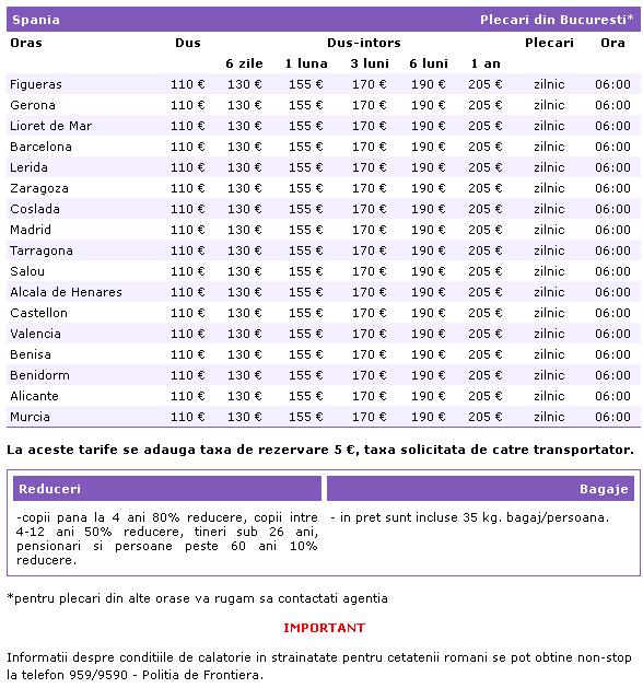 Agentia Eurotrafic va pune la dispozitie autocare moderne, dotate pentru plecari in Spania. Plecarile se fac din Bucuresti. Agentia va ofera reduceri de pana la 80% pentru copiii sub 4 ani, copiii intre 4 si 12 ani beneficiaza de 50% reducere, iar tinerii pana in 26 ani si persoanele peste 60 de ani au o reducere de 10%. Pentru mai multe detalii accesati butonul info.
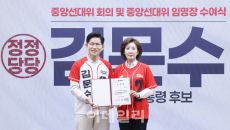 아시아투데이 이병화 기자 = 김문수 국민의힘 대선후보가 12일 서울 여의도 국민의힘 중앙당사에서 열린 중앙선거대책위원회 임명장- 2025.05.12 11:50
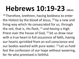 ‘Broeders en zusters, dankzij het bloed van Jezus kunnen we zonder schroom binnengaan in het heiligdom, omdat Hij voor ons met Zijn lichaam een weg naar een nieuw leven gebaand heeft, door het voorhangsel heen. We hebben nu een Hogepriester die dienstdoet in het huis van God; laten we God dan naderen met een oprecht hart en een vast geloof, nu ons hart gereinigd is, wij van een slecht geweten bevrijd zijn en ons lichaam met zuiver water is gewassen. Laten we zonder te wankelen datgene blijven belijden waarop we hopen, want Hij die de belofte heeft gedaan is trouw.‘ (Uit Hebreeën 10 de verzen 19-23)
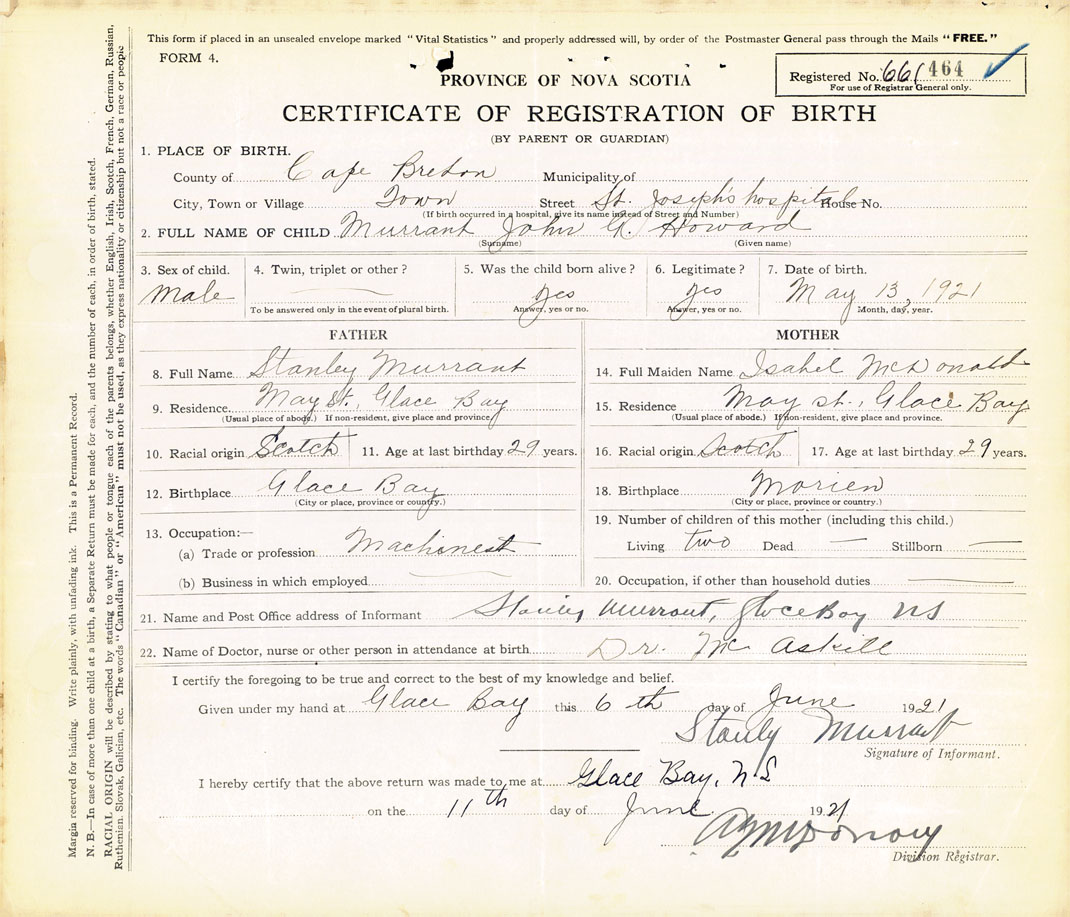 21. Name and Post Office address of Informant Stanley Murrant Glace Bay
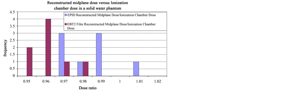 The distribution of the ratios of the EPID reconstructed doses to the ionization chamber measured doses re- veals a mean value of 0.983 and a standard deviation of 0.013 (Figure 6). While, the distribution of the ratios of
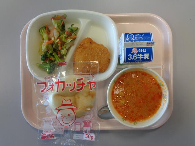 フォカッチャ 牛乳 チキンカツレツ イタリアンサラダ トマトクリームスープ
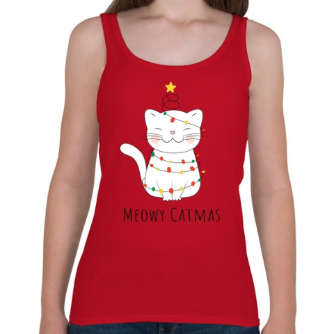 1 kép PRINTFASHION Fehér cica karácsonyi égőkkel - Női atléta - Cseresznyepiros
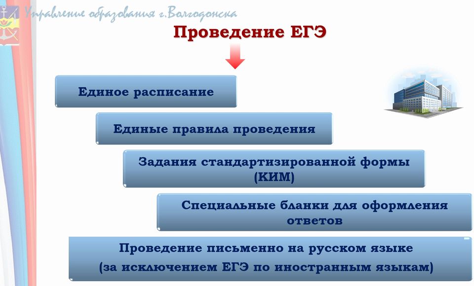 ЕГЭ проводится письменно на русском языке (за исключением раздела «Говорения» в ЕГЭ по иностранным языкам).
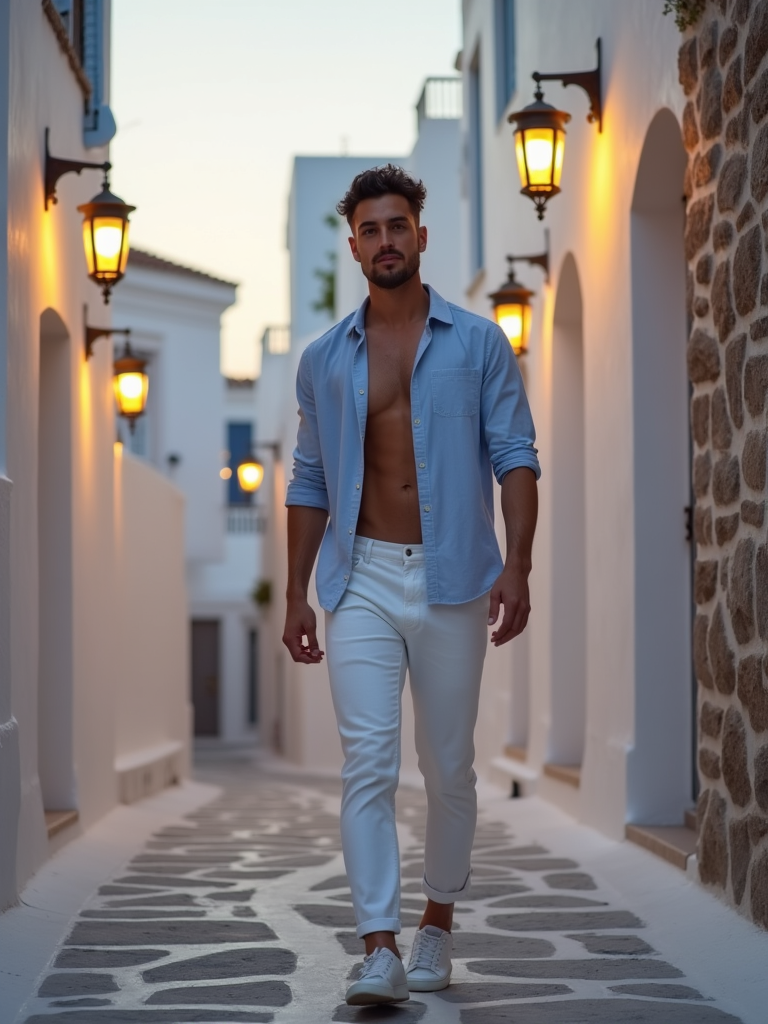 model strolling through narrow Mykonos streets, wearing white jeans with a light blue shirt, warm lantern lights illuminating the path
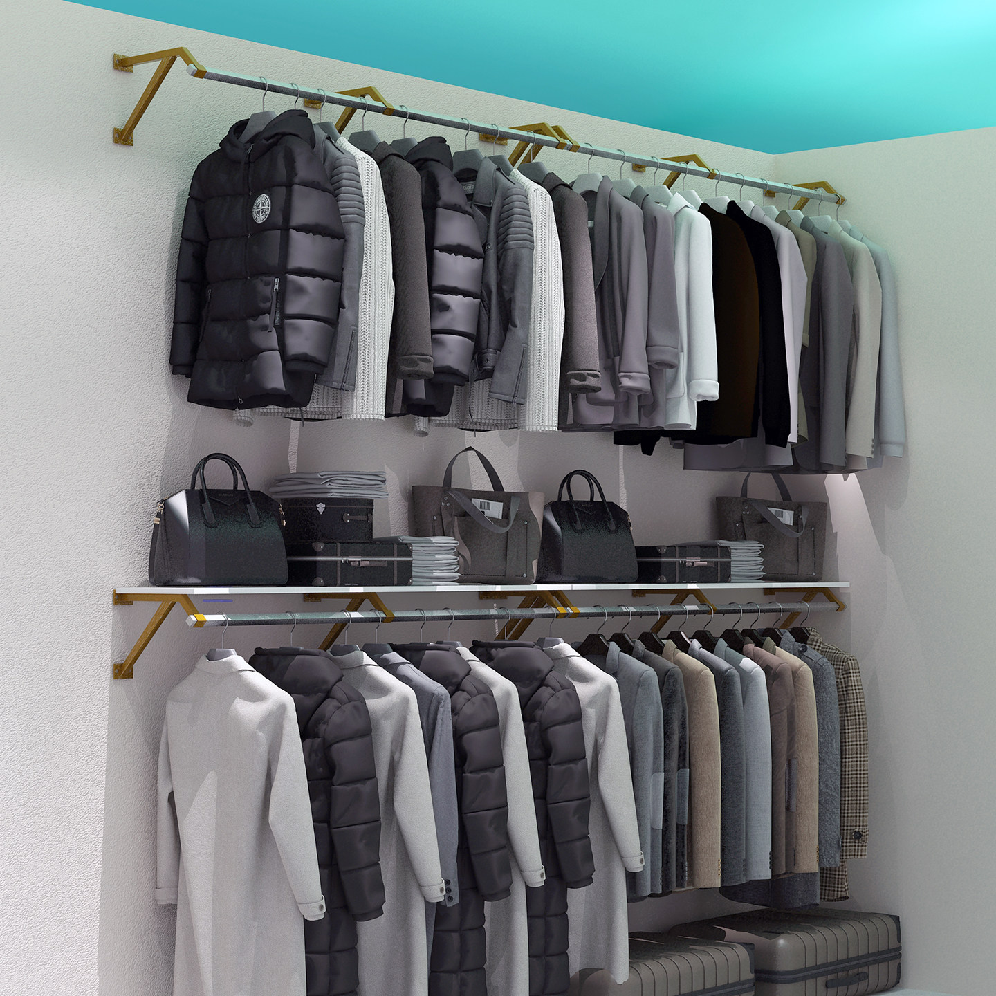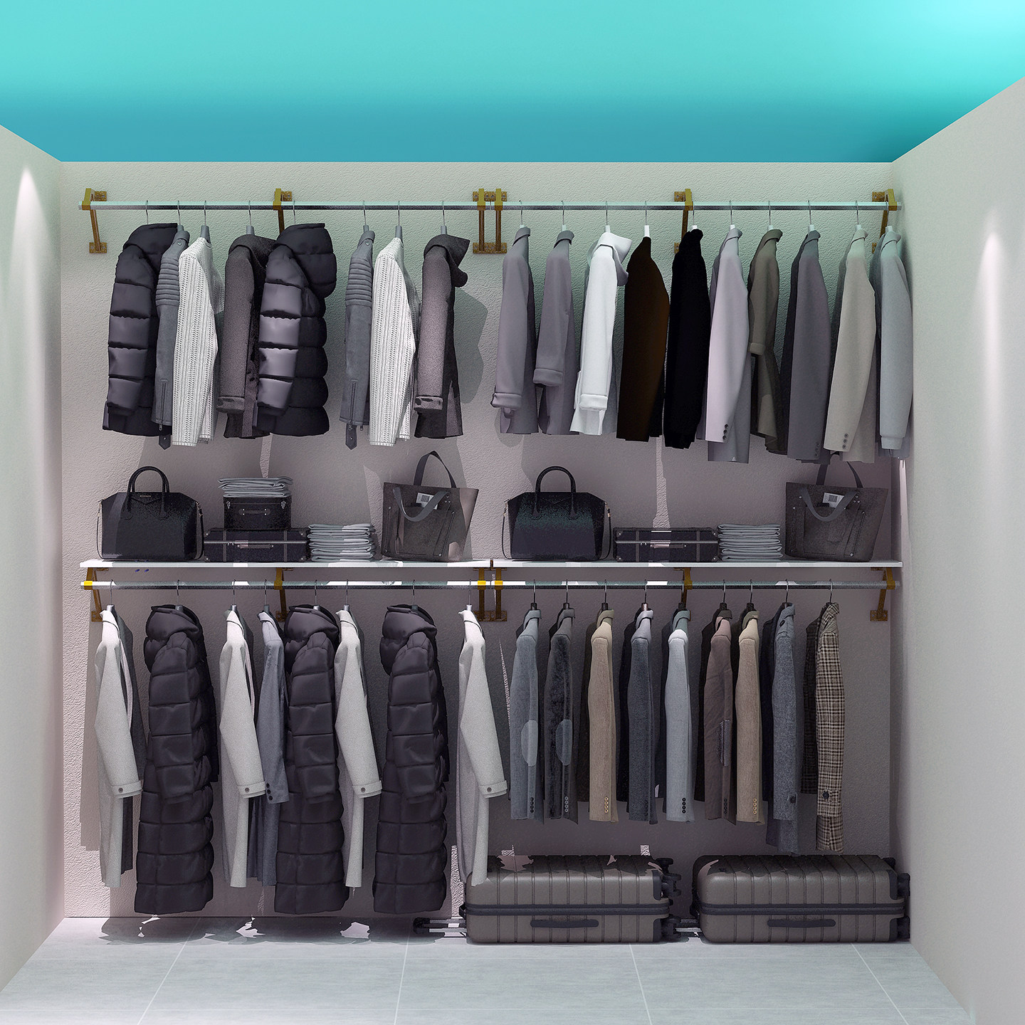 服装店上墙金色挂衣架女装店衣服展示架不锈钢壁挂货架家用衣帽架

━━━━━━━━

### EXERCISE DESCRIPTION
Repeat the records exactly, without the pictures.

### SOLUTION TO THIS EXERCISE
 Agentia Eurotrafic va pune la dispozitie autocare moderne, dotate pentru plecari in Spania. Plecarile se fac din Bucuresti. Agentia va ofera reduceri de pana la 80% pentru copiii sub 4 ani, copiii intre 4 si 12 ani beneficiaza de 50% reducere, iar tinerii pana in 26 ani si persoanele peste 60 de ani au o reducere de 10%. Pentru mai multe detalii accesati butonul info.
 아시아투데이 이병화 기자 = 김문수 국민의힘 대선후보가 12일 서울 여의도 국민의힘 중앙당사에서 열린 중앙선거대책위원회 임명장- 2025.05.12 11:50
 ‘Broeders en zusters, dankzij het bloed van Jezus kunnen we zonder schroom binnengaan in het heiligdom, omdat Hij voor ons met Zijn lichaam een weg naar een nieuw leven gebaand heeft, door het voorhangsel heen. We hebben nu een Hogepriester die dienstdoet in het huis van God; laten we God dan naderen met een oprecht hart en een vast geloof, nu ons hart gereinigd is, wij van een slecht geweten bevrijd zijn en ons lichaam met zuiver water is gewassen. Laten we zonder te wankelen datgene blijven belijden waarop we hopen, want Hij die de belofte heeft gedaan is trouw.‘ (Uit Hebreeën 10 de verzen 19-23)
 21. Name and Post Office address of Informant Stanley Murrant Glace Bay
 The distribution of the ratios of the EPID reconstructed doses to the ionization chamber measured doses re- veals a mean value of 0.983 and a standard deviation of 0.013 (Figure 6). While, the distribution of the ratios of
 フォカッチャ 牛乳 チキンカツレツ イタリアンサラダ トマトクリームスープ
 1 kép PRINTFASHION Fehér cica karácsonyi égőkkel - Női atléta - Cseresznyepiros
 ЕГЭ проводится письменно на русском языке (за исключением раздела «Говорения» в ЕГЭ по иностранным языкам).
 model strolling through narrow Mykonos streets, wearing white jeans with a light blue shirt, warm lantern lights illuminating the path
 服装店上墙金色挂衣架女装店衣服展示架不锈钢壁挂货架家用衣帽架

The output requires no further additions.